# What you have to do
Repeat the span of the entries below that starts at the line with "Hand-blown Egyptian glass" and ends at the line with "深めのフライパンにすべての材", nothing more. Skip the pictures.

# Exercise data
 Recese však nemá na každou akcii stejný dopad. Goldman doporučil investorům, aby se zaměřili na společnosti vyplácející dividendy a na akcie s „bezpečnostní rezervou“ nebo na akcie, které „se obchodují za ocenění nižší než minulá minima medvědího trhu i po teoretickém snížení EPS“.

...

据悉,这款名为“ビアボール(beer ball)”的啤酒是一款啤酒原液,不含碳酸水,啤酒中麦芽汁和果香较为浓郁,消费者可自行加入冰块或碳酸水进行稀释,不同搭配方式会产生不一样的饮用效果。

---

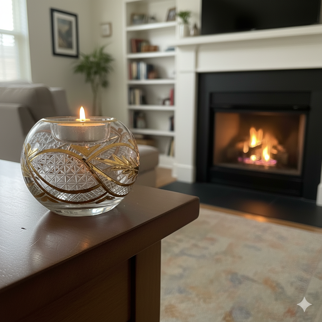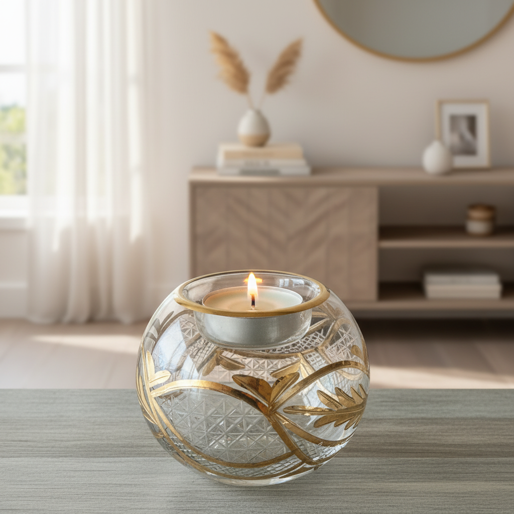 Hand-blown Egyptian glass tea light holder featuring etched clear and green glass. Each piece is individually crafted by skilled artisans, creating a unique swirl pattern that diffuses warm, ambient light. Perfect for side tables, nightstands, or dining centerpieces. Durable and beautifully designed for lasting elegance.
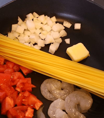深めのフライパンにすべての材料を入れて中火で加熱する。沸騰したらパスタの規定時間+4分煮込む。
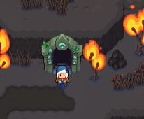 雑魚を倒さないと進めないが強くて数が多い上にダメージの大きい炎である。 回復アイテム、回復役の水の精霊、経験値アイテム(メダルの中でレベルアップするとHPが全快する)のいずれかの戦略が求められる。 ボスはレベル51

# Result of the exercise
 Hand-blown Egyptian glass tea light holder featuring etched clear and green glass. Each piece is individually crafted by skilled artisans, creating a unique swirl pattern that diffuses warm, ambient light. Perfect for side tables, nightstands, or dining centerpieces. Durable and beautifully designed for lasting elegance.
深めのフライパンにすべての材料を入れて中火で加熱する。沸騰したらパスタの規定時間+4分煮込む。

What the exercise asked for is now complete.